── Task data

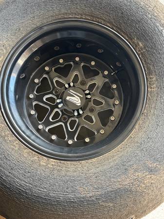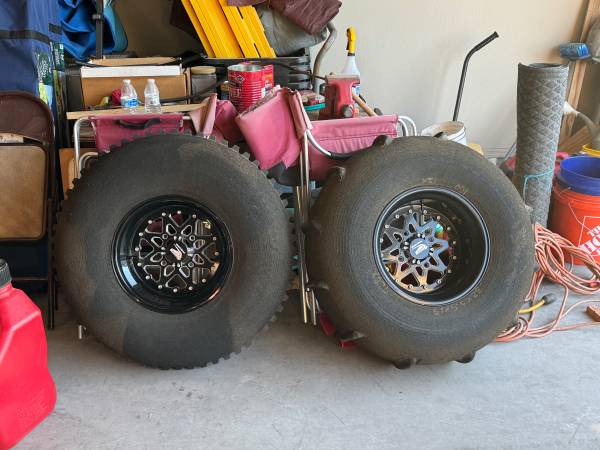Packard light weight wheels Rear 32x13.5 12 paddle, front 32x10 Mohawks very nice like new no scratches, no leaks no plugs. Two lightly used trips on them. Wife doesn’t like the dunes.
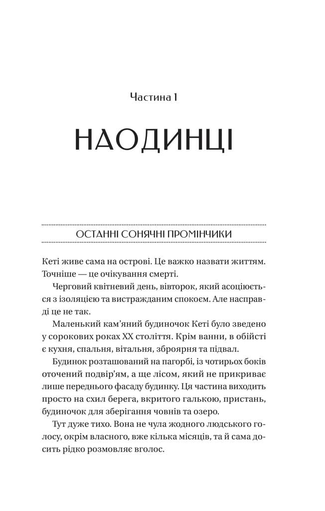 36-річна Кеті мешкає сама на маленькому острові Сходи Якова в кам'яному будинку, більше схожому на фортецю, осторонь від цивілізації. Колись — зірка світу мистецтва, тепер вона рятується від жахливої втрати в самотності й живописі. Навколо ані душі, немає інтернету й телебачення, лише декілька дисків із класичною музикою. Кеті не спілкується з мешканцями інших островів, тільки іноді буває на материку — не хоче ятрити рани, які так довго загоювала.
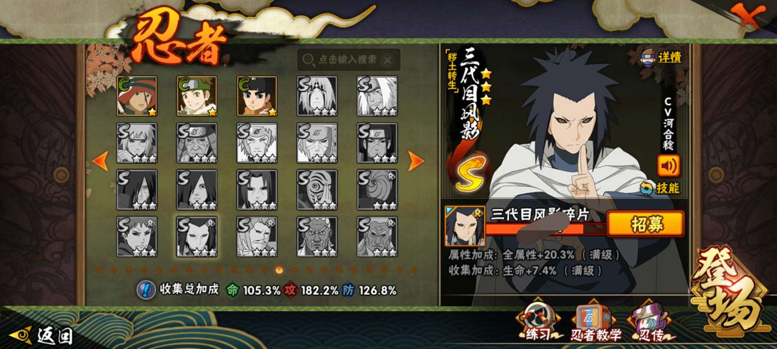 V15,33s,51a,2000万战力,34000金币,漂泊系列全,五星白面具,忍战樱3代风影快出了
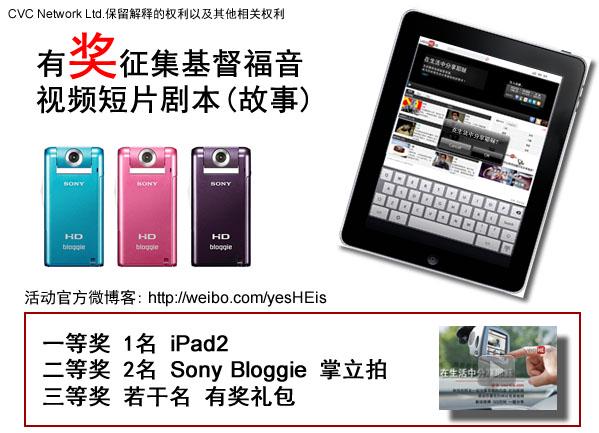 如果你有一台iPhone5,你第一个想做的是什么呢?打电话给爱人?发布消息到微博?拍下自己难以形容的兴奋?如果你有一台iPad2,你第一个想做的又是什么呢?不如,先来参加“福音视频短片剧本创作活动”吧!一等奖就是一台iPad2!
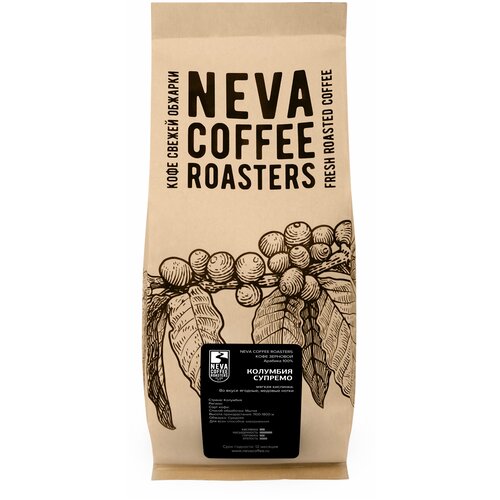 "Свежеобжаренный кофе в зернах Neva Coffee Roasters Колумбия Супремо, 1,00 кг, 100% Арабика"
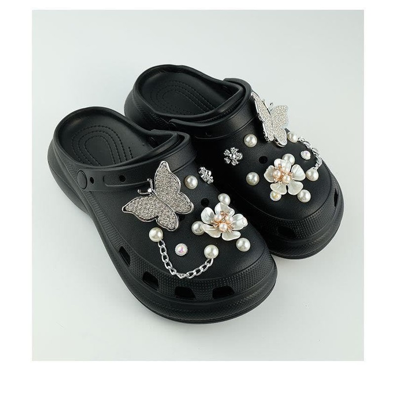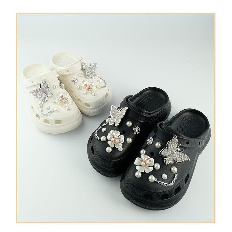 - Women's Shoelace Set, For Crocs, Pearlized Butterfly, Flowers, Chains, Accessories, Fashionable, Cute
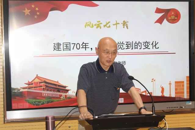 外语人的前辈、关工委的曹英多老师主要从文化教育方面谈了谈新中国成立70年来他所感觉到的变化,并且分享了自己的受教育经历,感谢党和国家给了他学习的机会,感慨国民的文化程度都得到了提高!
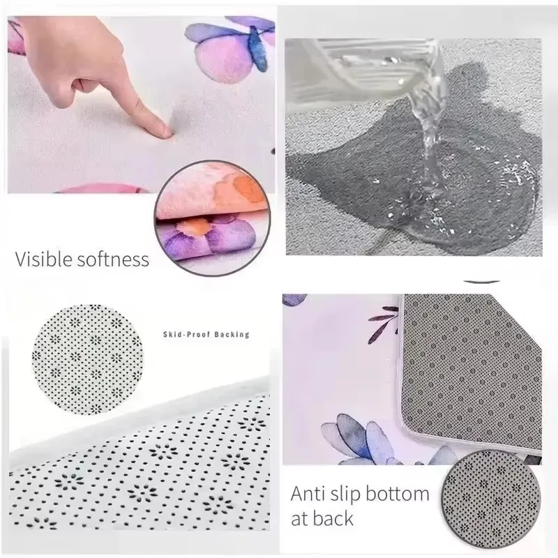 This is a new soft printing floor mat made of flannel. It has beautiful colors and surprising thickness. It is suitable for the bedroom, living room and baby room, and has the function of anti-slip and anti-fall.

────

The records above are to be reproduced exactly; the pictures are to be left out.

Packard light weight wheels Rear 32x13.5 12 paddle, front 32x10 Mohawks very nice like new no scratches, no leaks no plugs. Two lightly used trips on them. Wife doesn’t like the dunes.
 36-річна Кеті мешкає сама на маленькому острові Сходи Якова в кам'яному будинку, більше схожому на фортецю, осторонь від цивілізації. Колись — зірка світу мистецтва, тепер вона рятується від жахливої втрати в самотності й живописі. Навколо ані душі, немає інтернету й телебачення, лише декілька дисків із класичною музикою. Кеті не спілкується з мешканцями інших островів, тільки іноді буває на материку — не хоче ятрити рани, які так довго загоювала.
 V15,33s,51a,2000万战力,34000金币,漂泊系列全,五星白面具,忍战樱3代风影快出了
 如果你有一台iPhone5,你第一个想做的是什么呢?打电话给爱人?发布消息到微博?拍下自己难以形容的兴奋?如果你有一台iPad2,你第一个想做的又是什么呢?不如,先来参加“福音视频短片剧本创作活动”吧!一等奖就是一台iPad2!
 "Свежеобжаренный кофе в зернах Neva Coffee Roasters Колумбия Супремо, 1,00 кг, 100% Арабика"
 - Women's Shoelace Set, For Crocs, Pearlized Butterfly, Flowers, Chains, Accessories, Fashionable, Cute
 外语人的前辈、关工委的曹英多老师主要从文化教育方面谈了谈新中国成立70年来他所感觉到的变化,并且分享了自己的受教育经历,感谢党和国家给了他学习的机会,感慨国民的文化程度都得到了提高!
 This is a new soft printing floor mat made of flannel. It has beautiful colors and surprising thickness. It is suitable for the bedroom, living room and baby room, and has the function of anti-slip and anti-fall.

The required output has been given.